Большой Мольн

Ален-Фурнье

«Большой Мольн» (1913) — шедевр французской литературы. Верность себе, благородство помыслов и порывов юности, романтическое восприятие бытия были и останутся, без сомнения, спутниками расцветающей жизни. А без умения жертвовать собой во имя исповедуемых тобой идеалов невозможна и подлинная нежность — основа основ взаимоотношений между людьми. Такие принципы не могут не иметь налета сентиментальности, но разве без нее возможна не только в литературе, но и в жизни несчастная любовь, вынужденная разлука с возлюбленным.

ЧАСТЬ ПЕРВАЯ

Глава первая

НОВИЧОК

Он появился в нашем доме в один из воскресных дней ноября 189… года.

Я по-прежнему говорю в «нашем доме», хотя Дом уже давно перестал быть нашим. Вот уже почти пятнадцать лет, как мы уехали из тех мест и, наверное, никогда больше туда не вернемся.

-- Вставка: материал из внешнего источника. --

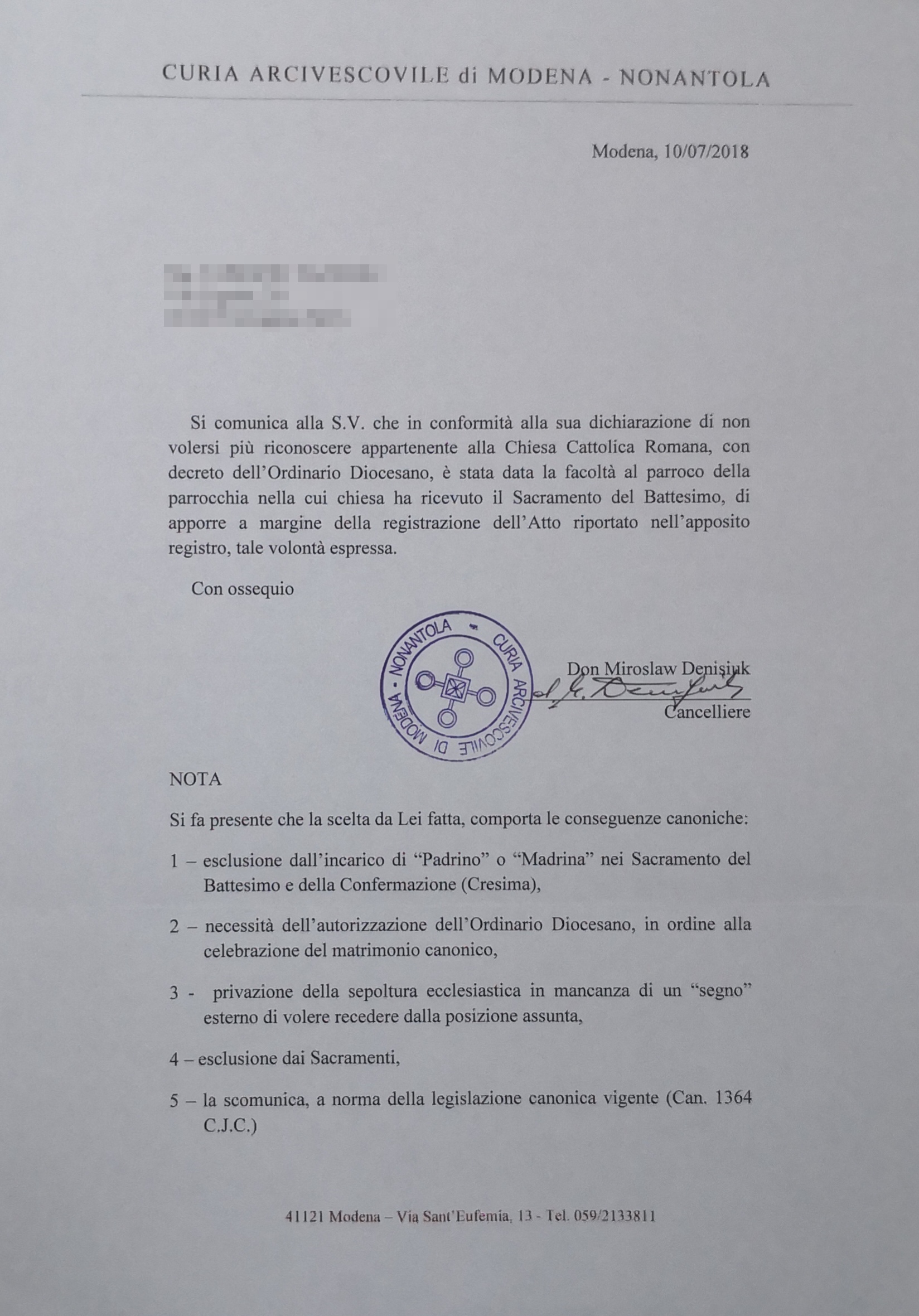 Una persona ha chiesto la rettifica dei dati relativi al proprio battesimo avvenuto a San Bartolomeo Apostolo - FORMIGINE (MO) il 10/07/2018, dichiarando di non voler più far parte della Chiesa Cattolica.
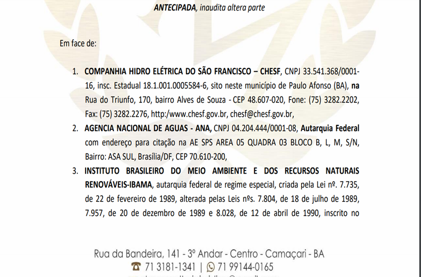 Vale registrar que a ação não mira apenas a Chesf. Estão representadas a Ana – Agência Nacional de Águas – Ibama, Funasa, prefeitura de Paulo Afonso e governo do Estado.

Мы жили на территории школы в маленьком городе Сент-Агат. Мой отец, которого я, как и все другие ученики, называл «господин Сэрель», преподавал и в старших классах, где воспитанников готовили к экзаменам на звание учителя, и одновременно в средних. Моя мать занималась с младшими классами.

Длинное красное строение на окраине городка, с пятью застекленными дверьми, все заросшее диким виноградом; огромный двор с площадкой для игр и с прачечной; большие ворота, за которыми начинается улица; с северной стороны решетчатая калитка выходит на дорогу в Ла-Гар, что в трех километрах от Сент-Агата; на юге, позади дома, — пригороды, переходящие в поля, сады и луга… Таковы, в общих чертах, приметы дома, где я прожил самые тревожные и самые мне дорогие дни своей жизни, — дома, откуда брали свое начало и куда возвращались все наши приключения, разбиваясь, как волны об одинокую скалу.

Нашу семью привела сюда простая случайность: то ли поиски работы, то ли распоряжение инспектора или префекта. В один теперь уже очень далекий день, к концу каникул, крестьянская повозка, за которой следовал наш домашний скарб, подвезла нас — мою мать и меня — к ржавой решетчатой калитке. Мальчишки, воровавшие в саду персики, бесшумно юркнули в щели изгороди… Моя мать, которую мы с отцом называли Милли, самая педантичная хозяйка на свете, тотчас прошла в комнаты, заваленные пыльной соломой, и, как это бывало с ней при каждом переезде на новое место, сразу с отчаянием заявила, что просто немыслимо разместить мебель в таком ужасном доме… Она вышла ко мне, чтобы поделиться своим огорчением. Разговаривая со мной, она ласково вытирала носовым платком мое лицо, почерневшее от дорожной пыли. Потом вернулась в дом и стала подсчитывать, сколько дыр нужно заделать, чтобы квартира стала пригодной для жилья… А я остался в этом чужом дворе один, в своей большой соломенной шляпе с лентами, и, ожидая Милли, копошился в песке, под навесом возле колодца.

Глава вторая

ПОСЛЕ ЧЕТЫРЕХ ЧАСОВ ПОПОЛУДНИ

До того времени мне почти что не приходилось бегать по улицам вместе с городскими мальчишками. Вплоть до этого самого, 189… года меня мучили боли в бедре, и я чувствовал себя несчастным и робким. До сих пор помню, как, жалко прыгая на одной ноге, я пытался догнать быстроногих школьников, которые носились по переулкам, окружавшим наш двор.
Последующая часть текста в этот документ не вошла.